Brazil's Ministry of Justice confirmed that U.S. officials have requested "international legal cooperation" regarding Jose Margulies, a controlling principal of Valente Corp., who is also named in the indictment and allegedly served as an intermediary for the bribes.
In a separate investigation, Swiss authorities said they are looking into whether FIFA's awarding of the 2018 World Cup to Russia and 2022 tournament to Qatar was improper. An earlier internal investigation by FIFA found there was no material wrongdoing.
Blatter, who maintains that he had no knowledge of the alleged activities cited in the indictment, said in a statement that he welcomed the oversight.
The FIFA chief has weathered corruption scandals before, but the indictment on federal charges in the U.S. -- combined with the high-profile nature of the arrests -- has intensified calls for a change in the organization.
Blatter is running for a fifth four-year term in an election contested by only one other candidate, Jordan's Prince Ali bin al-Hussein. But many, including Platini and Greg Dyke, chief of England's Football Assn., have called for the election to be postponed until further clarity can be reached concerning the corruption charges. French Foreign Minister Laurent Fabius also weighed in Thursday with his preference for a postponement of the vote.
Just last week, it seemed Blatter surely would win reelection. That has changed.
“I think you will see a lot closer vote than people were projecting some weeks ago,” U.S. Soccer President Sunil Gulati, a member of FIFA’s executive committee, said Thursday. He also said that he would vote for Al-Hussein -- not a surprise, as the U.S. nominated the Jordanian prince for the position -- and that Canada's federation would vote for Al-Hussein as well.
Platini held a news conference Thursday in which he continued the barrage of criticism against Blatter's FIFA. "We cannot continue like this," he said, adding that if Blatter was reelected Platini and UEFA would convene with European associations to decide if national teams should pull out of FIFA, a nuclear option of sorts.
During the news conference, the UEFA chief offered his theory of the key to Blatter's longevity in office. "FIFA allows some people to survive, so they're scared to go against the system. It pays for their travel." Platini also said "a majority" of UEFA associations would be voting for Ali.
Nevertheless, a loss for Blatter would be far from certain, a possibility Platini acknowledged. Despite the outcry by a number of delegates from larger soccer associations, each of the 209 FIFA members receive only one vote, and it's difficult to know which way many of the smaller associations would go.
Still, Blatter could opt to postpone the election in the hope that the controversy cools down.
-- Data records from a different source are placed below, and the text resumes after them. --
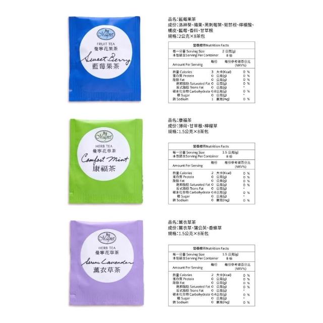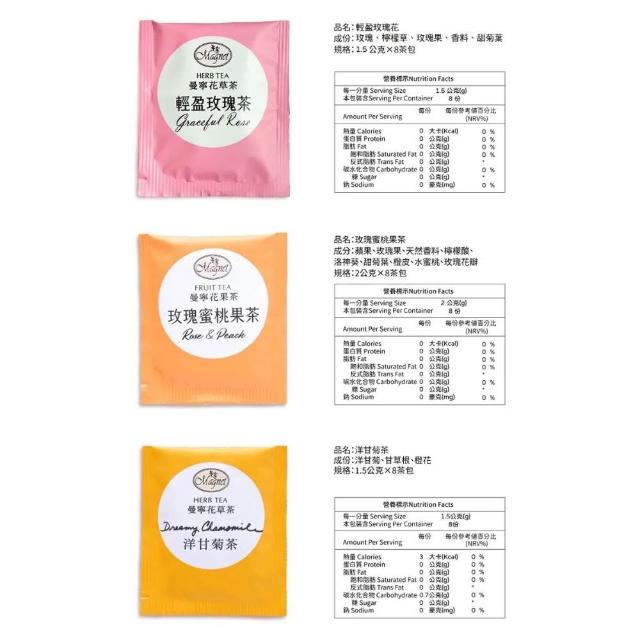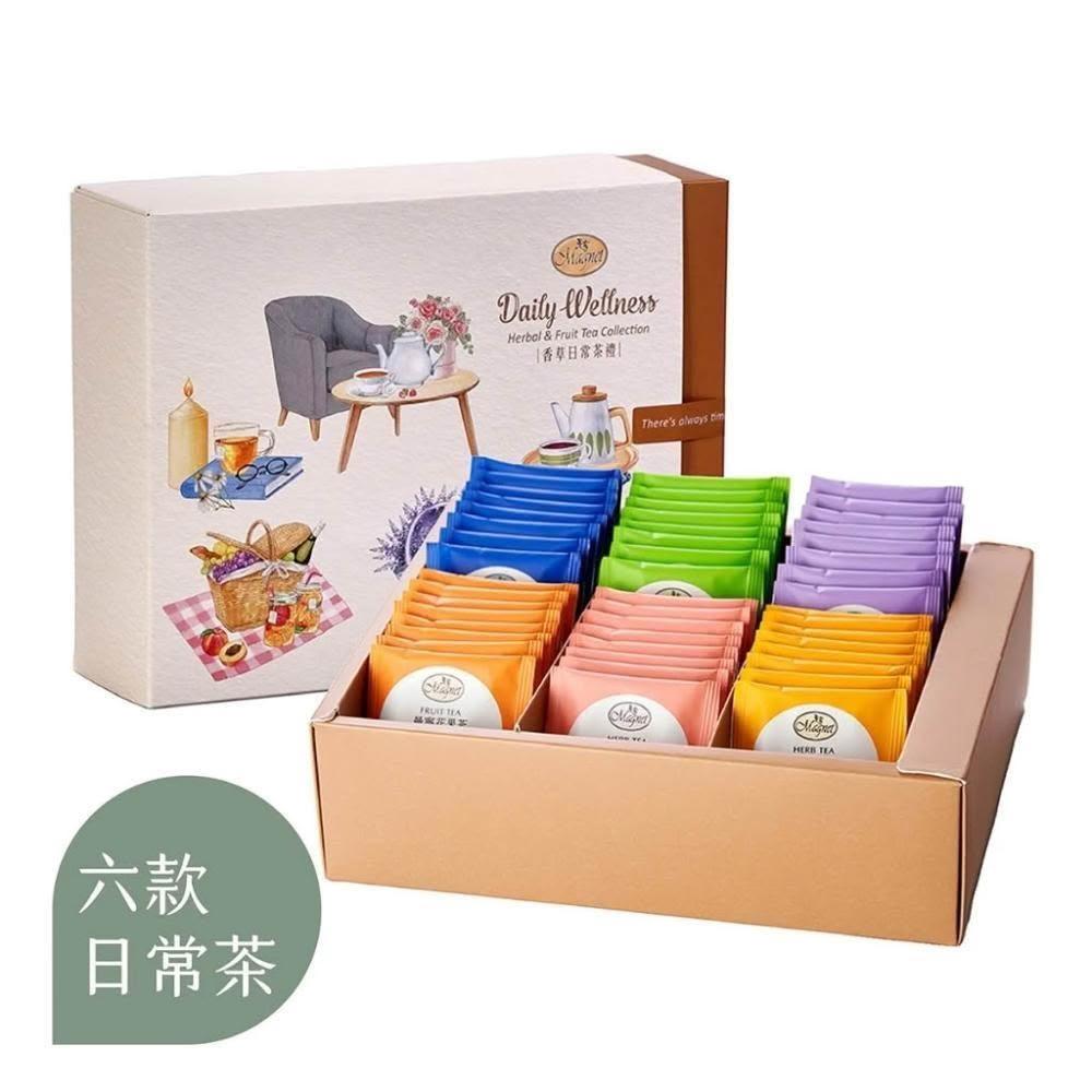 曼寧曼寧 香草日常茶禮 6款x8包 (附提袋) 茶包 禮盒 洋甘菊+薰衣草+藍莓果茶+輕盈玫瑰+康福茶+玫瑰蜜桃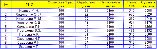 4. Таблицу Excel , в которой должен быть выполнен расчёт начисления заработной платы за один месяц сотрудникам подразделения из 10 человек.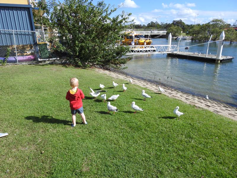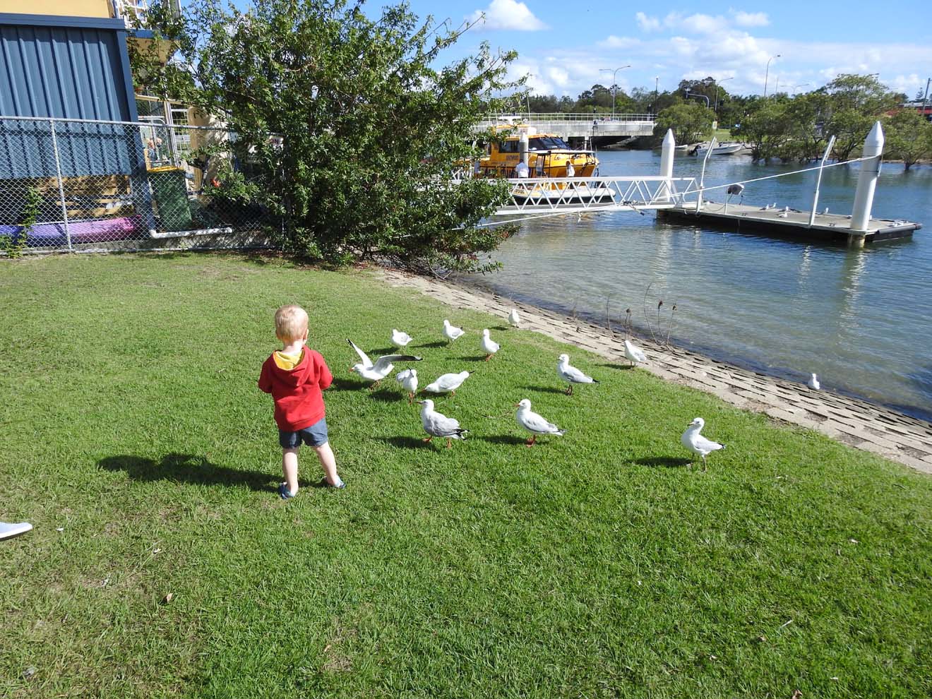 George is not overly impressed with bread and the four of them stayed just offshore. Thank God for seagulls, they kept Mase entertained.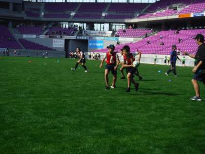 セレマChampionship2022全国小学生タぐラグビー選手権大会京都府予選がありました。今回は、亀岡のサンガスタジアムで行われ、会場の大きさに子ども達もテンションが上がっていました!6年生からは、チャンピョンリーグとチャレンジリーグに1チームずつ出場しました。少ない練習期間の中で、教えていただいたことを実践しようとする姿がとても伝わってきました。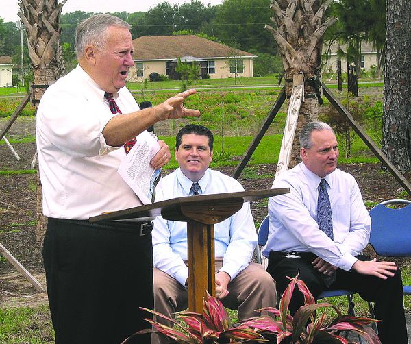 MEL TOADVINE Lee County Commissioner Cecil Pendergrass addresses group while officials look on.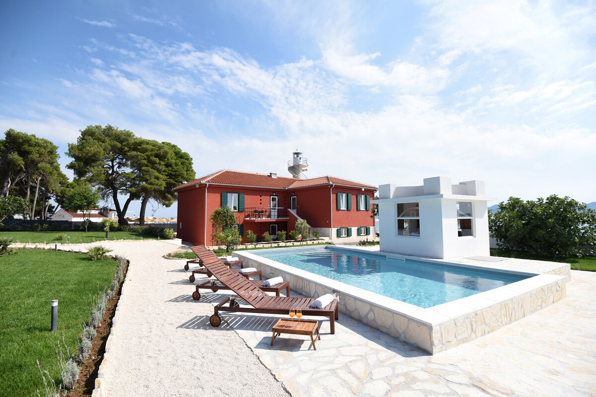 This luxury studio apartment is located next to a beautiful lighthouse by the sea. Unique location in the city of Zadar is a place from your dreams. Besides the studio apartment big enough for up to 2 persons, all our guests can enjoy breakfast next to the garden, outdoor pool, and jacuzzi area, sauna, barbecue area, private beach with sun loungers, Wi-Fi available in the whole property, etc. Book your stay now and treat yourself with the best accommodation available in the Zadar area.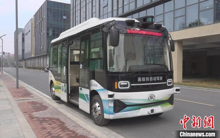 合肥市內(nèi)測試運行的新能源無人駕駛巴士。張俊攝
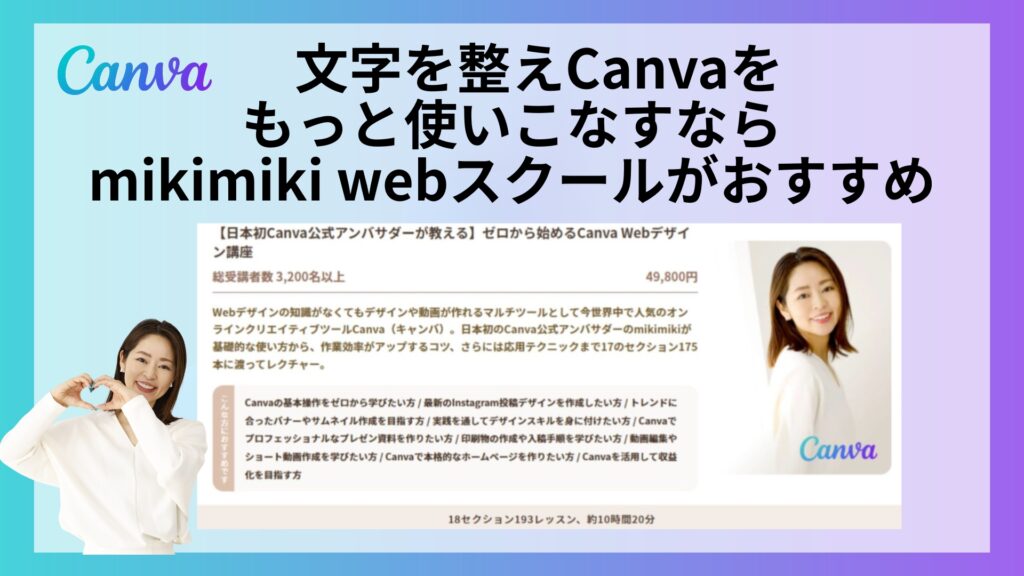 文字を整えCanvaをもっと使いこなすならmikimikiwebスクールがおすすめ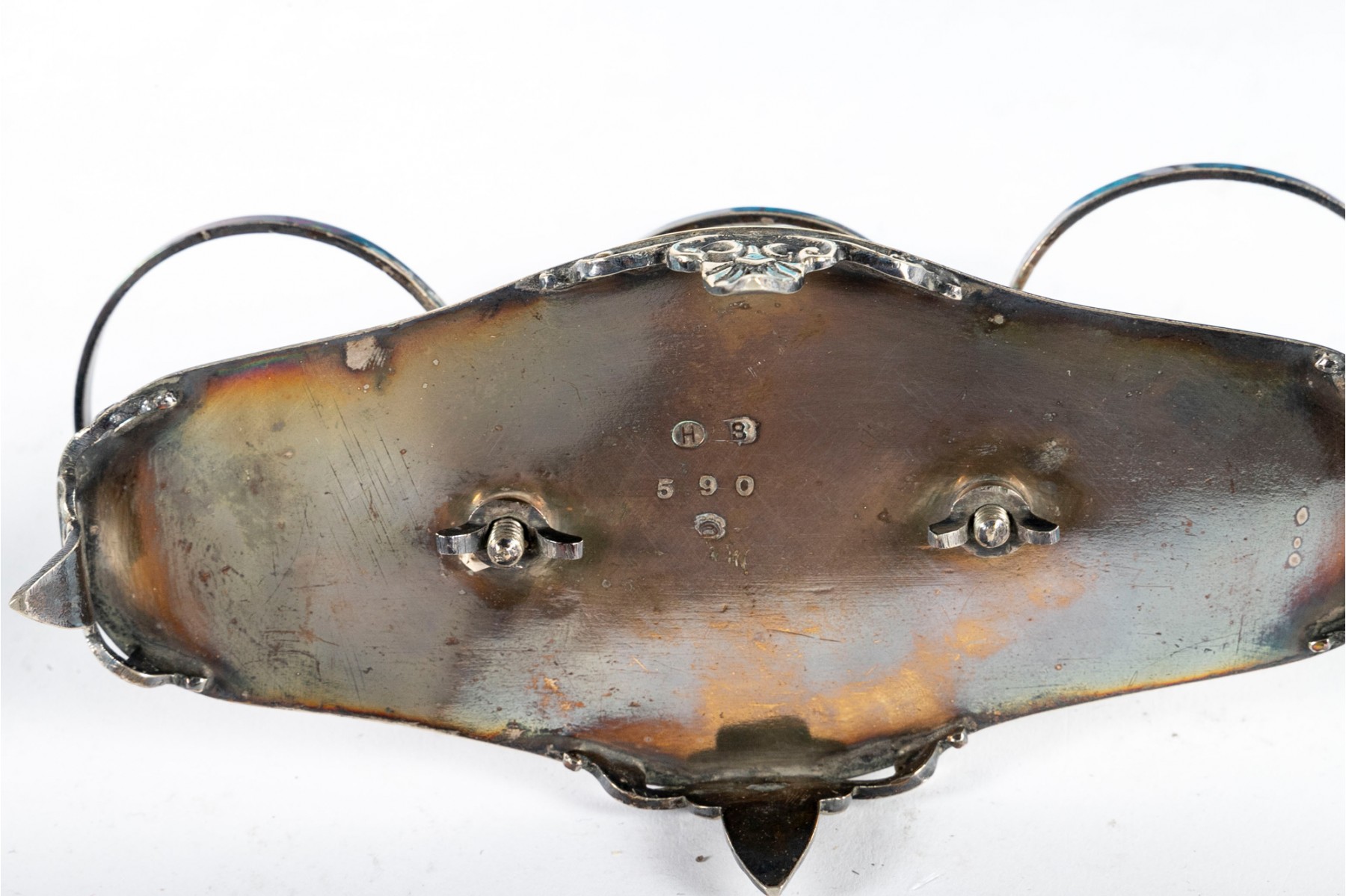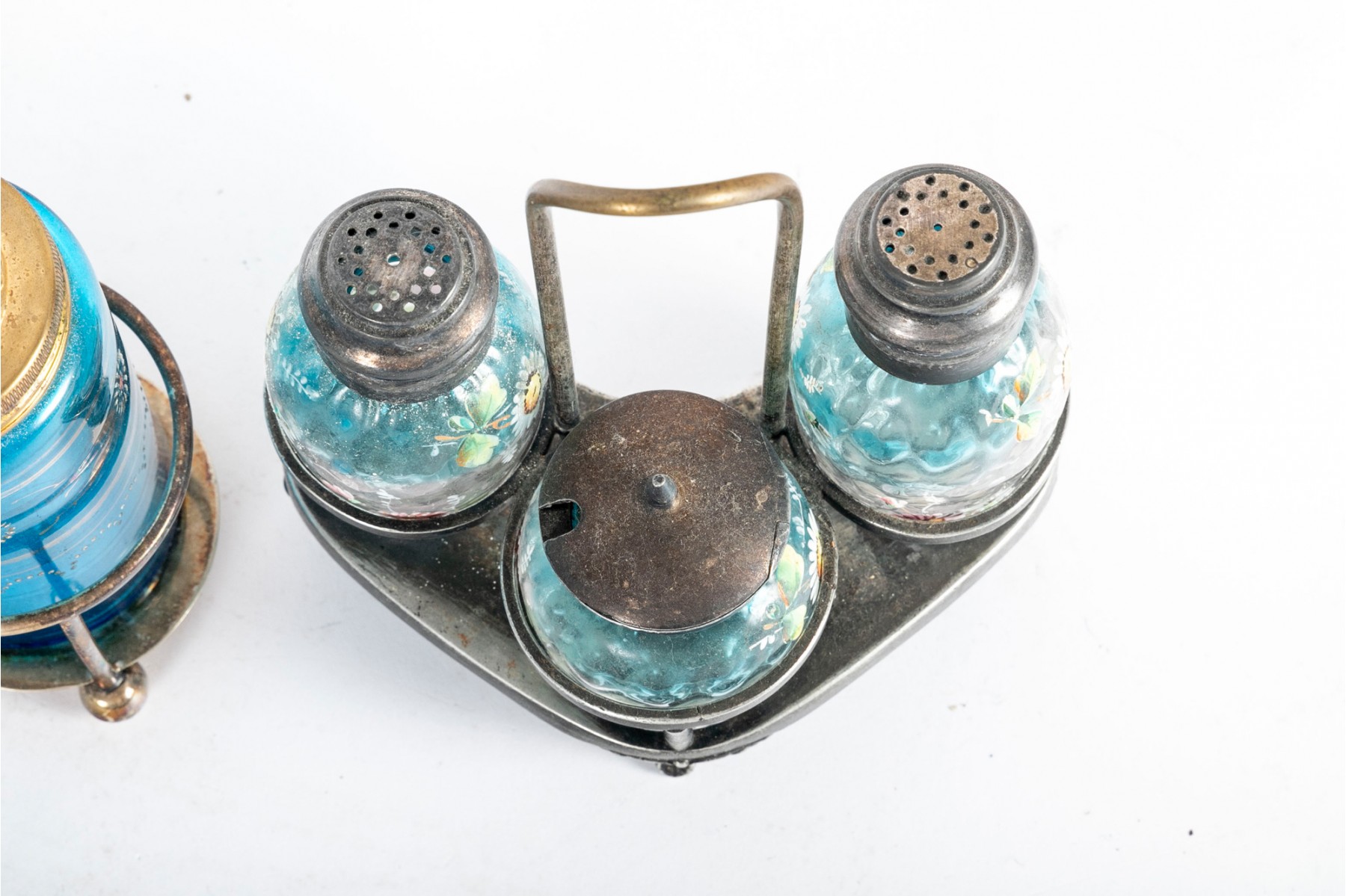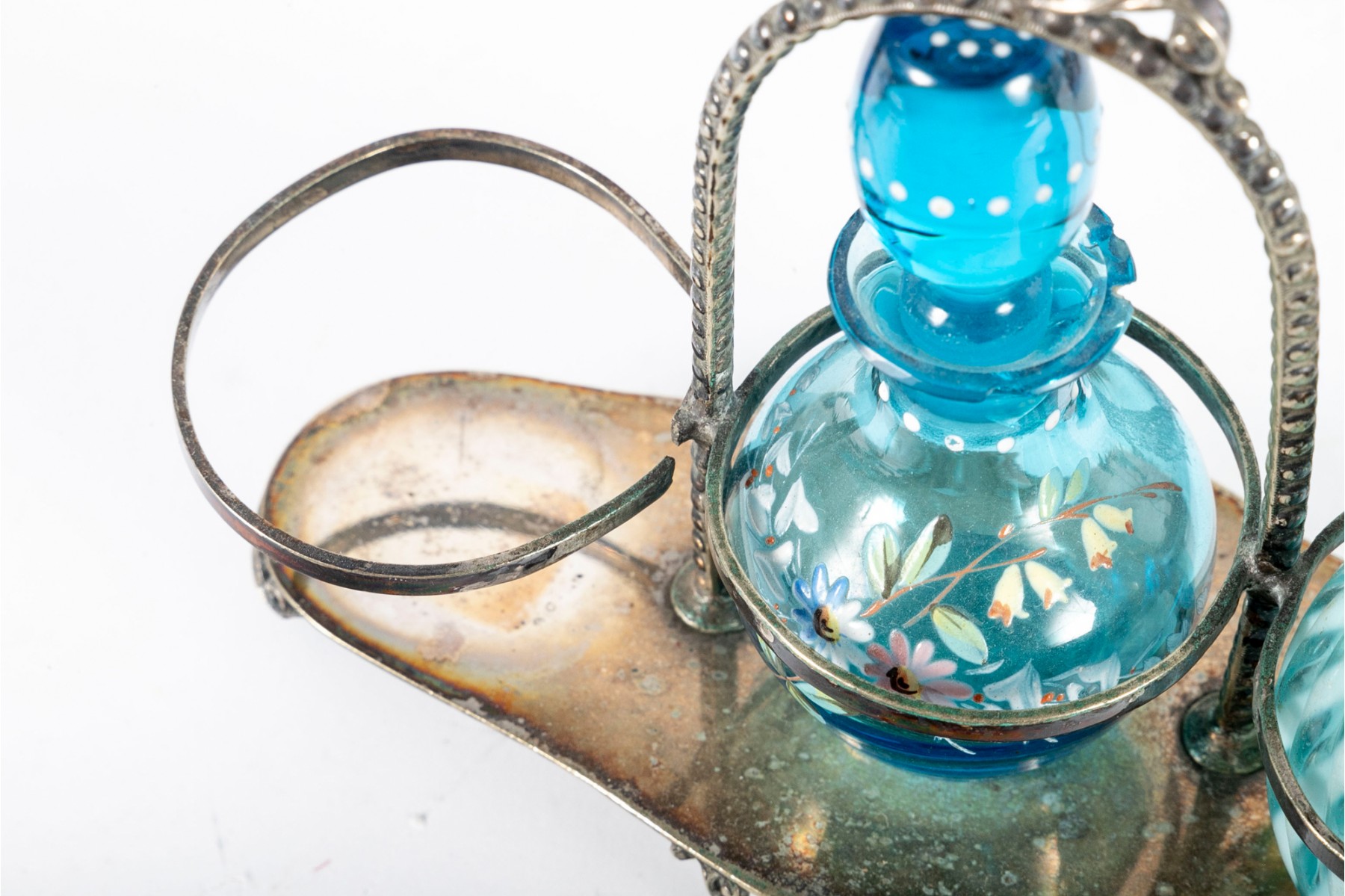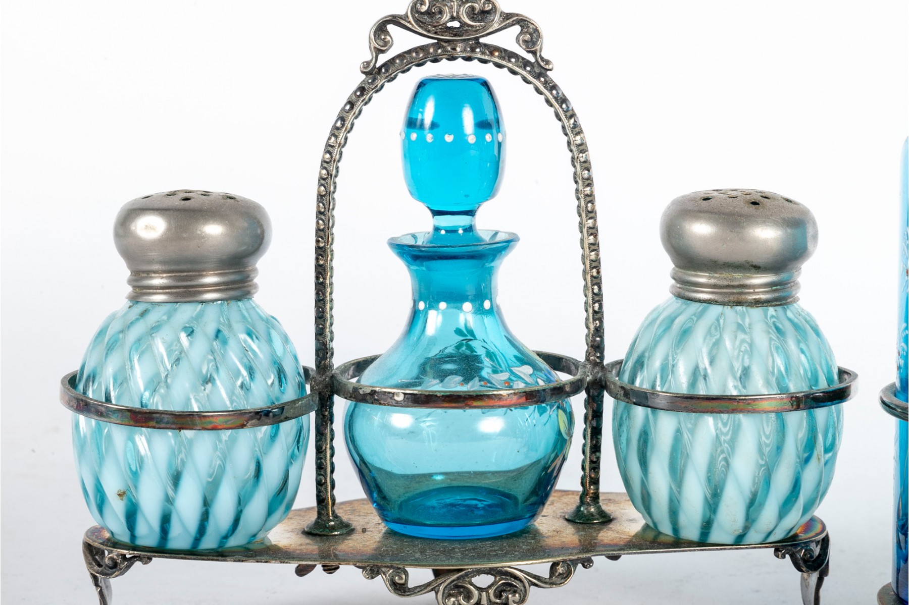 Three cruet sets displaying dainty hand-painted floral sprays over blue glass, in silverplated stands.

It was not just soccer insiders who were decrying Blatter on Thursday. Credit card giant Visa Inc. became the loudest voice among a group of FIFA sponsors to criticize the organization. In a statement, the company said it would "reassess our partnership" if "swift and immediate steps to address these issues" weren't taken. It did not mention Blatter specifically.
The FIFA chief did get support from one corner of the soccer world when the Asian football association expressed its preference that the Friday vote go ahead as planned.
The news also took a geopolitical turn, as Russian President Vladimir Putin described the investigations as "yet another evident attempt to derail Mr. Blatter's reelection."
Putin also suggested that the U.S.-led arrests had an ulterior motive -- to throw into question Russia's hosting of the 2018 World Cup.
Zeitchik reported from Zurich and Mai-Duc from Los Angeles. Times staff writer Kevin Baxter contributed to this report.